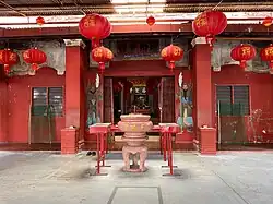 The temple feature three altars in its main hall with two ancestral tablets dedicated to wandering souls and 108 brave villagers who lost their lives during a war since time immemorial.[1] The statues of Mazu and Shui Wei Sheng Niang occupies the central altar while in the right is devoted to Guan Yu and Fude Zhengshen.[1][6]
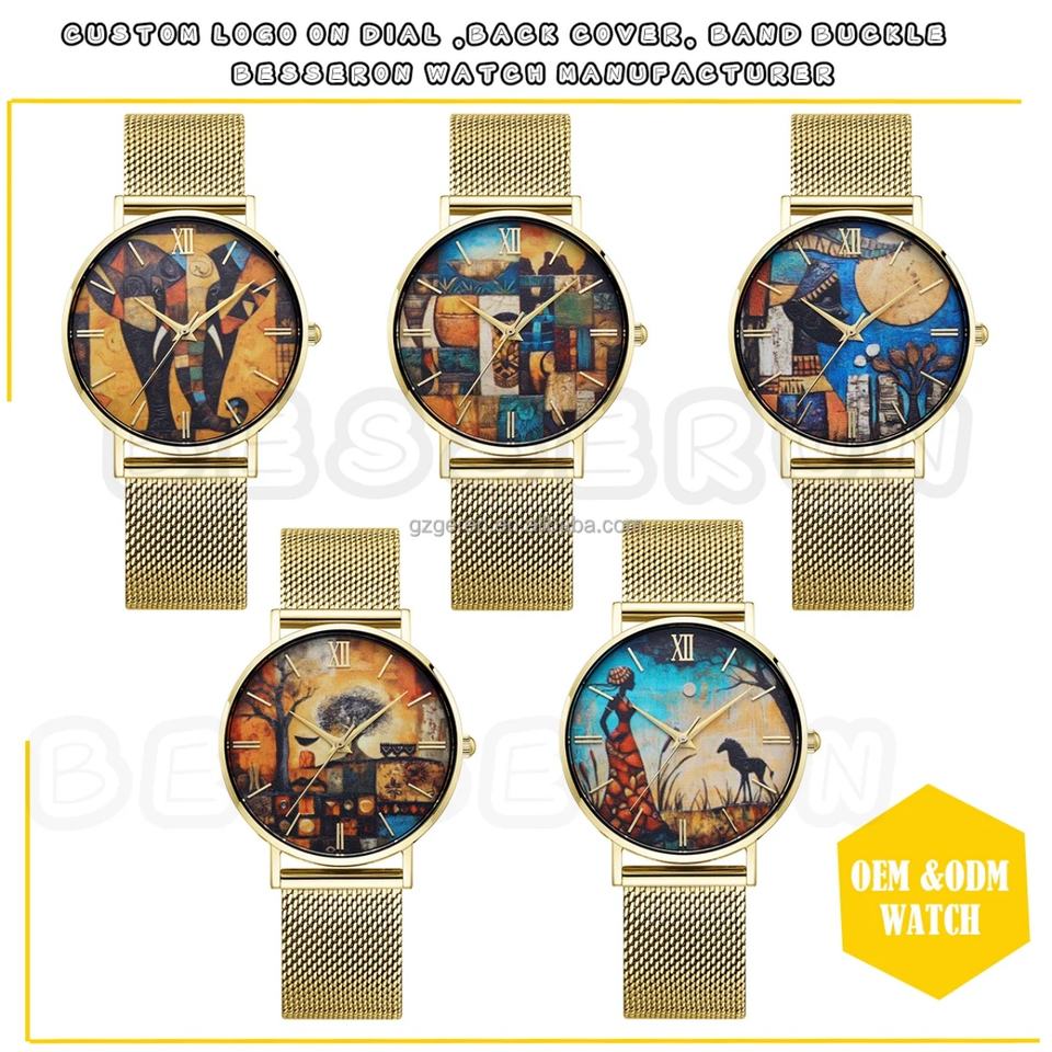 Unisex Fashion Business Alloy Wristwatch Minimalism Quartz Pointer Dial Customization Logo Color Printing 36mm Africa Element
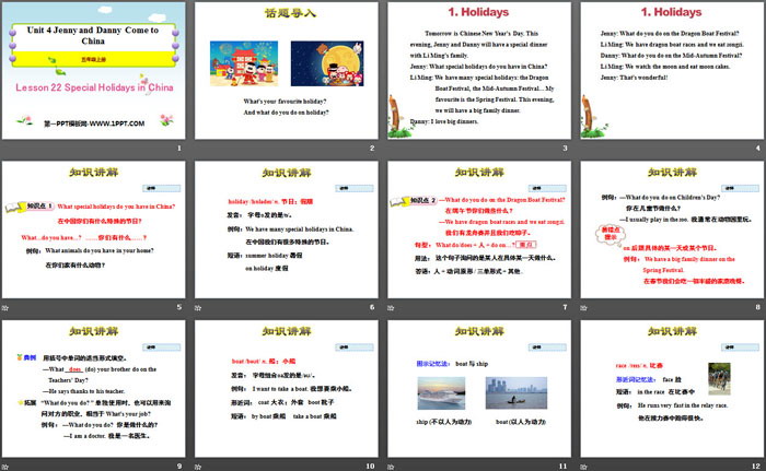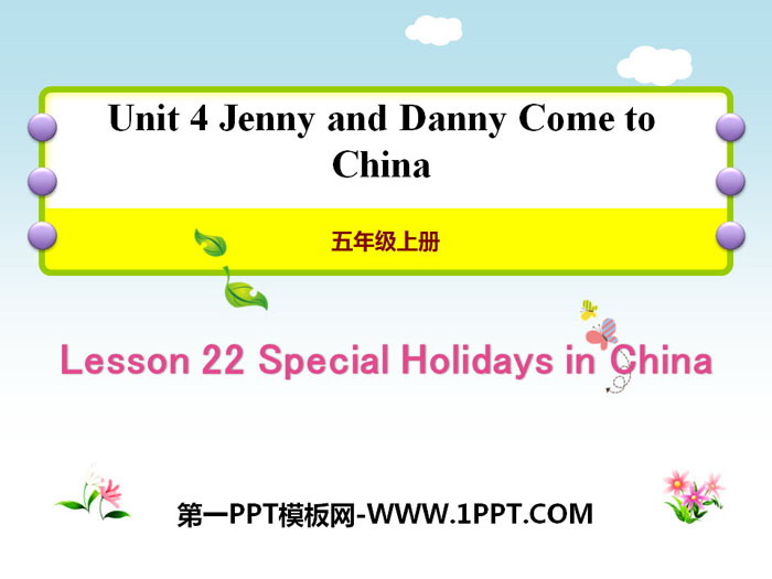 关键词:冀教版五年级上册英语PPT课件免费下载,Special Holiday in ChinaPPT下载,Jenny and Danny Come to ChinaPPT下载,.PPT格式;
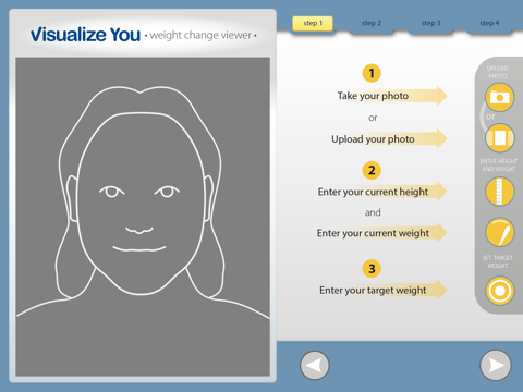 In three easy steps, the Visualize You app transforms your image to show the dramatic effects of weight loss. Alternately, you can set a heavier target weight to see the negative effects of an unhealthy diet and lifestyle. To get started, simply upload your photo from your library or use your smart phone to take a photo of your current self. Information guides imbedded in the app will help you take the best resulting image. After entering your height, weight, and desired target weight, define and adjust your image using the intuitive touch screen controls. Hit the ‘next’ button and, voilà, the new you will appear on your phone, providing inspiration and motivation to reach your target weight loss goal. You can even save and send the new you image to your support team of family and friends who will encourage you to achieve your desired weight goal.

= = = =

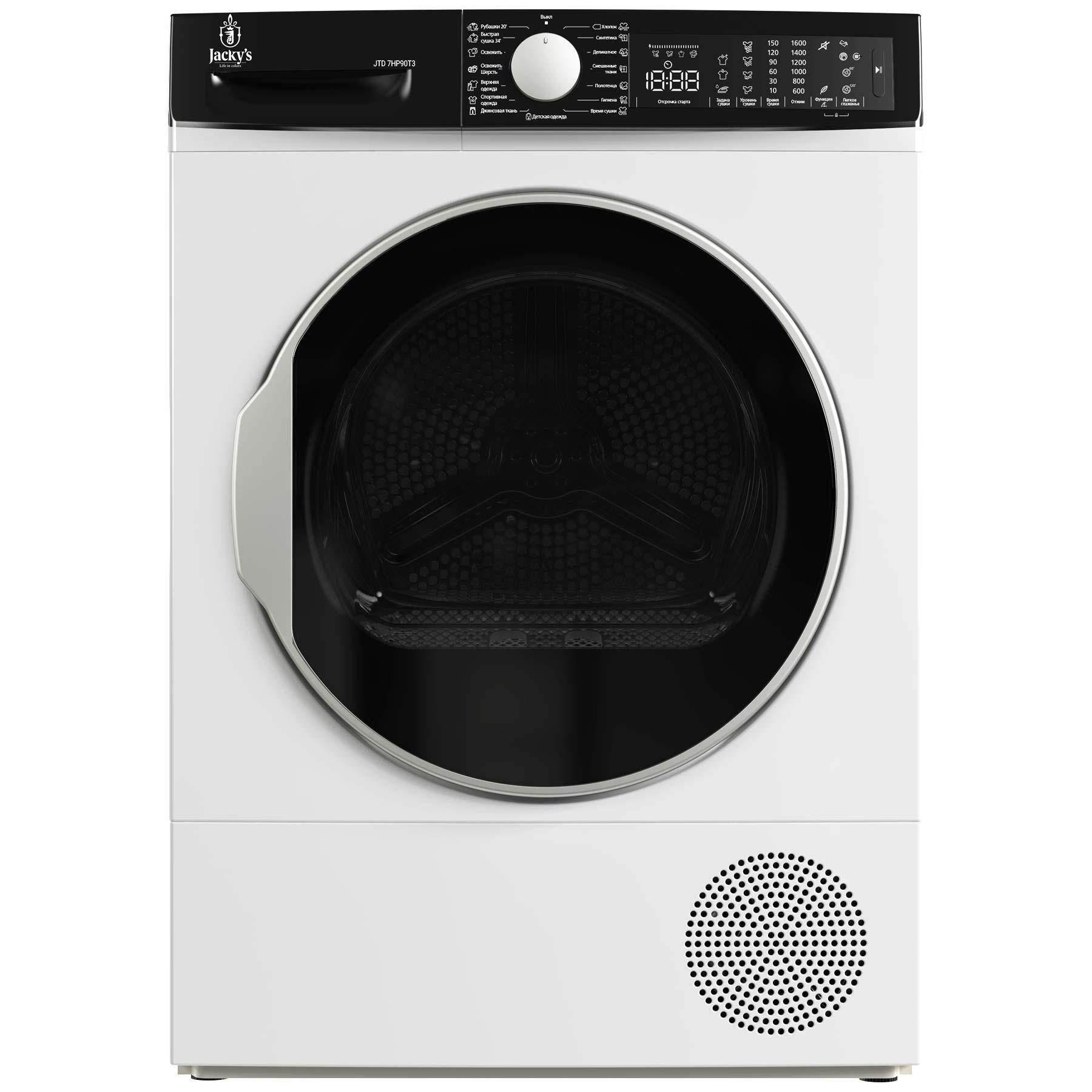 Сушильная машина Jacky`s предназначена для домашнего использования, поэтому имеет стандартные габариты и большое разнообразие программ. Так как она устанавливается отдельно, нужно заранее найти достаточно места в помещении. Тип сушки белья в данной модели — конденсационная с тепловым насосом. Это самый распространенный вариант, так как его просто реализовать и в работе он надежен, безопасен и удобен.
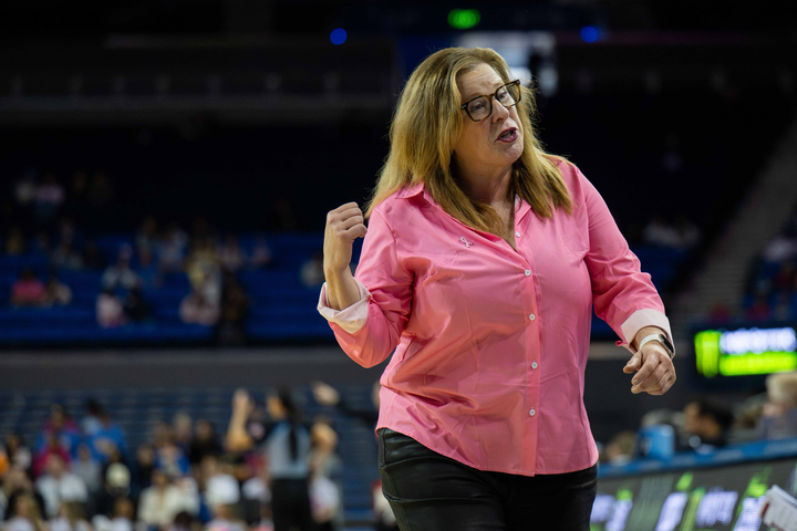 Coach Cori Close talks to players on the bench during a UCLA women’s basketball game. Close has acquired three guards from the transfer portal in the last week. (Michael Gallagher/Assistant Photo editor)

= = = =

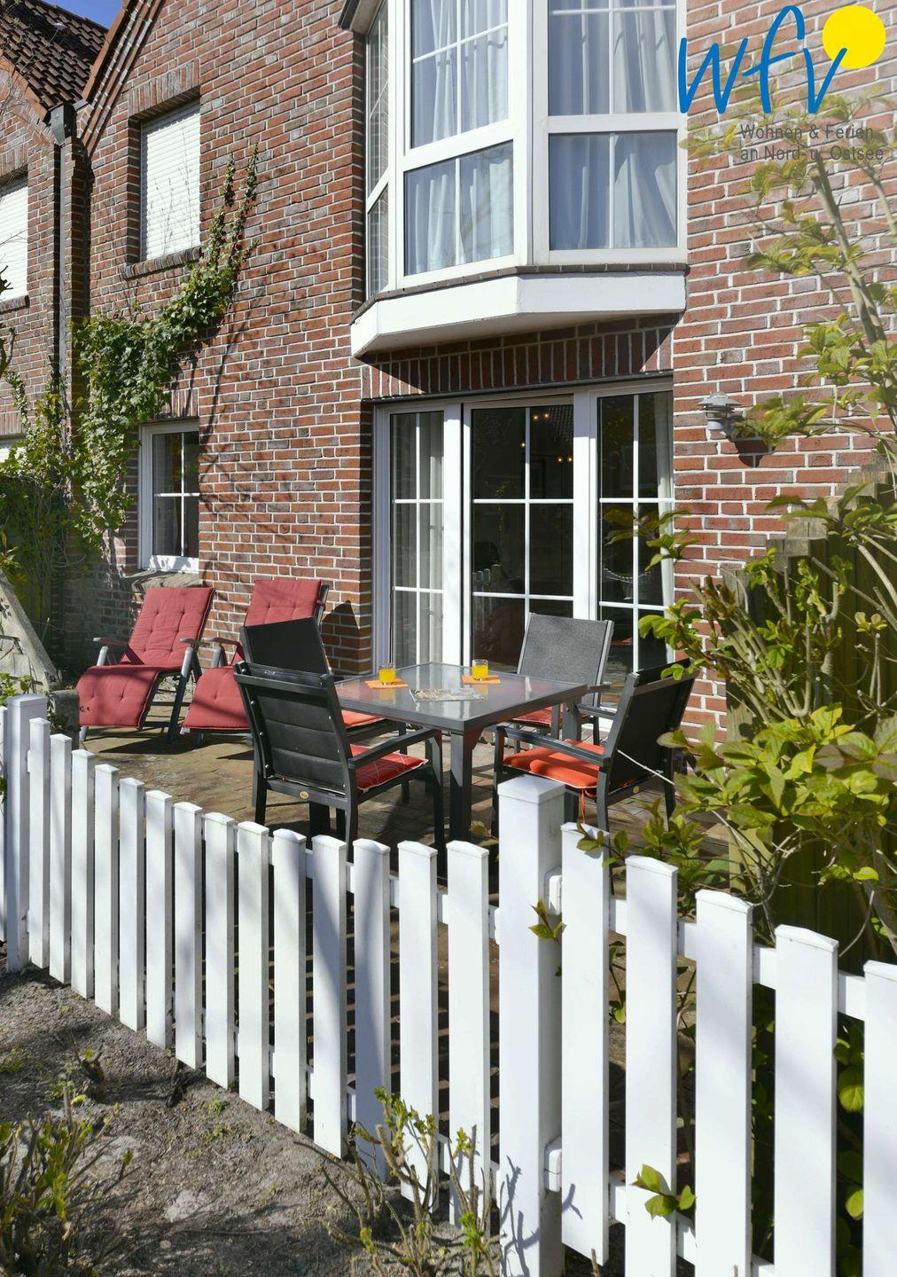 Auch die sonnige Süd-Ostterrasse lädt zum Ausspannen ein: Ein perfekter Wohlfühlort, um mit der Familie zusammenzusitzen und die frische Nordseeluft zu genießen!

= = = =

▶ [Task description]: From the material above, give again exactly the lines from the one that contains "Unisex Fashion Business" through the one that contains "关键词:冀教版五年级上册英语PPT课件免费下载,Special Holiday in", and leave out the pictures.

▶ [Task solution]:
 Unisex Fashion Business Alloy Wristwatch Minimalism Quartz Pointer Dial Customization Logo Color Printing 36mm Africa Element
 关键词:冀教版五年级上册英语PPT课件免费下载,Special Holiday in ChinaPPT下载,Jenny and Danny Come to ChinaPPT下载,.PPT格式;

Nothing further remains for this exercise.